Omeprazole increases the levels of cilostazol. This is also known as Pletal. Pletal dosage should be checked from it's twice administration of 100mg to 50 mg if it is accompanied or administered together with Omeprazole. Each of the packages that contain the Zegerid powder that is used for the oral suspension is composed of 460 mg of sodium. This translates to 304 mg of sodium for each of the Omeprazole capsules. Omeprazole has an active ingredient of the delayed release capsules. This is a strong surrogate Benzimidazole.
It's composition is as follows; 5-methoxy-2-[[(4-methoxy3, 5-dimethyl-2-pyridinyl) methyl] sulfinyl]-1H-benzimidazole (Bykowski, 2005).This compound is the factor that is responsible for the inhibition of the secretion of Gastric acid. It has an empirical formula of C17H19N3O3S, and its molecular weight is equal to the value of 345.42. Its structural formula enables it to melt at 155 degrees celcious. This because it is one of weak bases which are slightly soluble in water. Omeprazole stability is reliant on the pH. At stronger acidic conditions such as at the range of 2 and 4, Omeprazole is very stable. It has reasonable stability in alkaline surrounding though not the stronger ones. Alkaline conditions that range from a pH of 7.5 to 9, supports the stability of Omeprazole. The oral suspension Omeprazole half-life is dependent on the pH reading.

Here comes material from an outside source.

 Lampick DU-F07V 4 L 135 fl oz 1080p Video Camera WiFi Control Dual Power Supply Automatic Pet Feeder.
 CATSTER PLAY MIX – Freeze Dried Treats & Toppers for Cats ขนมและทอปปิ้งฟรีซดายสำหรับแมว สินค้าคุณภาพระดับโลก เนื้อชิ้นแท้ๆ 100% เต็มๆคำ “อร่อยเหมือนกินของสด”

Absorption of Omeprazole takes place in the small intestines (Hochwald & Farrington, 2006). It is a 3-6 hours process and its systematic bioavailability is nearly 61%. The bioavailability of Omeprazole is affected by the food presence in the stomach. Thus, it is advisable that patients are supposed to take Omeprazole on an empty stomach using a glass of water. It is critical, that for absorption purposes, one should go without food for at least 1 hour and another 1-hour after taking it. This is set to curb the impairment that results from the presence on food items in the patient's stomach. Omeprazole binding with the plasma protein rated at nearly 97%.
After it taking it, Omeprazole is metabolized by cytochrome P450. This is mainly found in the liver. The drug can be quantified in plasma for monitoring therapies and diagnosis confirmation of case related to poisoning. The concentrations of Omeprazole in serum are between ranges of 0.23 to 1.2 mg/L. This is measured in patients who receive the drug via the oral route. It is also reasonable to distinguish Esomeprazole from the Racemic Omeprazole. This is made possible by the use of Enantiomeric chromatographic method.

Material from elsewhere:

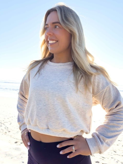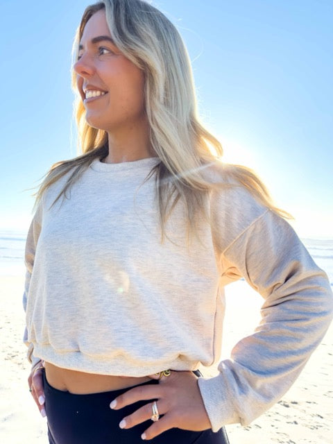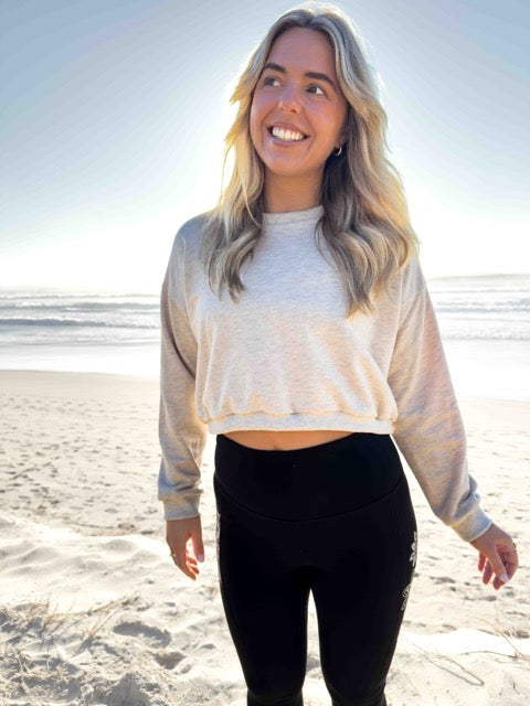 The soft neutral "mist" tone goes with everything—black leggings, denim, or your favourite basics. Whether you're heading to yoga or out for coffee, this jumper offers comfort, creativity, and conscious living.

Various pH measures are notable in different parts of the body. In Duodenum, a pH of 5.5 is the expectation while in the stomach it is in the range of 1.0to 3.5 respectively. The intestinal pH is likely to read 5.3 while the blood plasma will have varied readings. The arterial blood reads a pH of 7.40 while the venous blood has a notable pH of 7.39. Human fluids pH ranges 7.2 to 7.4 on PH scale (ICON Health, 2004). The percentages on ionization are 76% in the stomach while 62% is notable in the duodenum. These are based on estimates by pKa.
Basing on the above discussions, Omeprazole drug is an effective approach to the treatment of various acids based illnesses. These includes gastric and the duodenal ulcers, the erosive esophagitis as well as GERD. It also assists to contain Ellison syndrome and dyspepsia. The proton Pump inhibitor, performance is related to the decreasing of the acid that id produced by the stomach.